Global FDI into motion pictures and recording studios has accelerated in the last four years, as investors capitalise on growing demand for studio space from streaming platforms pouring record levels of investment into content production. In 2019, the UK became the leading destination globally for studio investment in terms of greenfield projects, overtaking the investment into the US for the first time in a decade, according to fDi Markets. 

Jason Hariton, chief real estate officer at the MBS Group, the film and TV real estate company that will run the Dagenham studio complex, said that the supply of studio space in the UK “drastically underserves the demand”.

The British Film Institute, an industry body, found that international productions spent a record-breaking £3.04bn in the UK in 2019. Research firm Ampere Analysis found that more than three quarters of that spend was inward investment from streaming platforms such as Netflix and Amazon.

Adrian Wootton, the chief executive of the British Film Commission (BFC), the agency responsible for attracting and supporting major international film and TV production, told fDi that streaming platforms have been a “game changer” and led to continued demand for UK studio space despite the pandemic.

“We’ve worked hard to put together a critical package… people want to utilise the skills, talent and ingenuity of the UK, which has the best concentration of acting talent in the world outside the US,” he adds.

The BFC has championed initiatives to make the UK more competitive for the industry, such as film tax relief that allows production companies to claim a rebate of up to 25% on their expenditure in the UK.

“We engineered a tax credit that was transparent, simple, incredibly effective and intelligible. It gave us a seat at the competitive table,” says Mr Wootton.

Spending on high-end TV production rose from £640m to almost £1.7bn in the five years to 2019, according to BFI figures.

Regeneration and recovery

While the majority of studio investment is concentrated in London and the south-east, in line with the regional divide seen across most sectors, film and TV production hubs in other parts of the UK have emerged in recent years.

In Northern Ireland, where the popular fantasy TV show Game of Thrones was filmed, the industry has brought in significant investment, training opportunities and tourism to the area. Other cities are joining the race, with Liverpool announcing plans in October to build a new studio in the city’s historic Littlewoods building.

“Studios are now looking like a much better investment.

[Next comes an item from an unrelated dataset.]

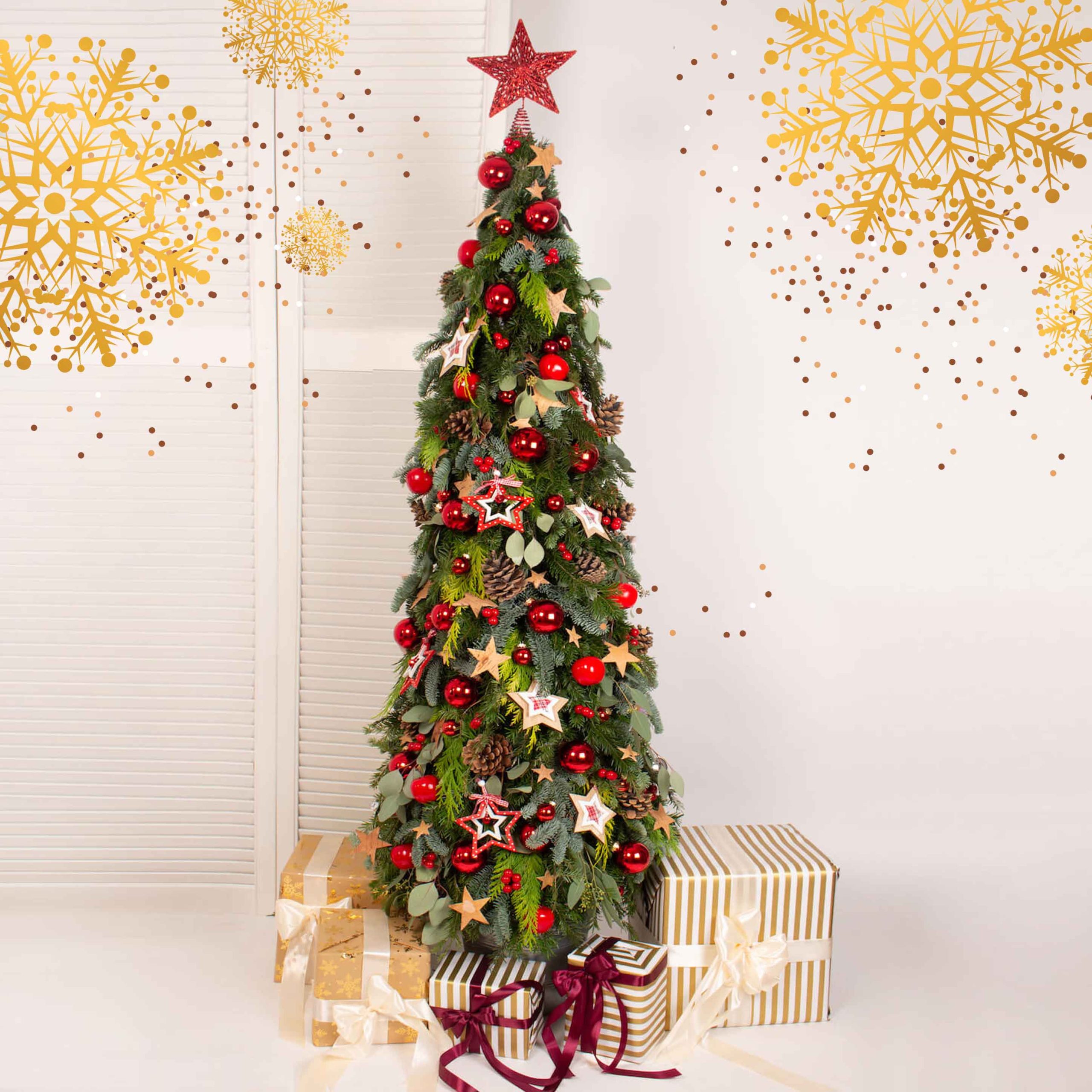 The decorated Christmas tree is the most beautiful symbol of Christmas. The smell of fresh fir, gifts and a rich meal are enough for a magical Christmas. Especially when you are with your loved ones. And for this story to be perfect, we decorated the most beautiful fir trees with lights, wooden decorations, fir cones, red apples and glass globes. We decorated fir trees in different sizes to suit any place you choose to put your Christmas tree. The dimensions in which they are available are: 1m, 1.5m and 2 m.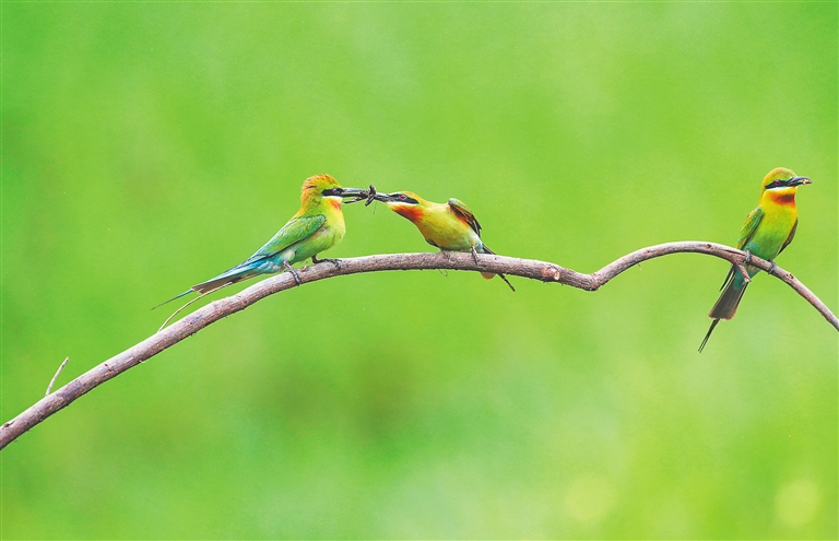 5月7日,在海口五源河国家湿地公园,雄性栗喉蜂虎向雌性栗喉蜂虎“投喂”虫子。

It attracts companies to come and film there, and because it is heavily television, it attracts other ancillary service companies to locate around them and creates long-term job opportunities,” says Mr Wooton.

Given the potential of the film and TV production industry, which supports more than 180,000 jobs and contributes more than £12bn to the economy each year, the UK government has rolled out support due to national lockdowns and stalled activity.

In October 2020, the UK government provided a total of £500m to support productions that have to close due to coronavirus-related delays or abandonment. 

Rishi Sunak, the chancellor of the exchequer, said upon announcing the scheme that “our world-leading film and TV industry supports tens of thousands of jobs and is hugely important to the UK’s cultural life”.

He added: “This targeted scheme will help to fill the gap created by the lack of available insurance, and help get our world renowned film and TV industry back up and running.”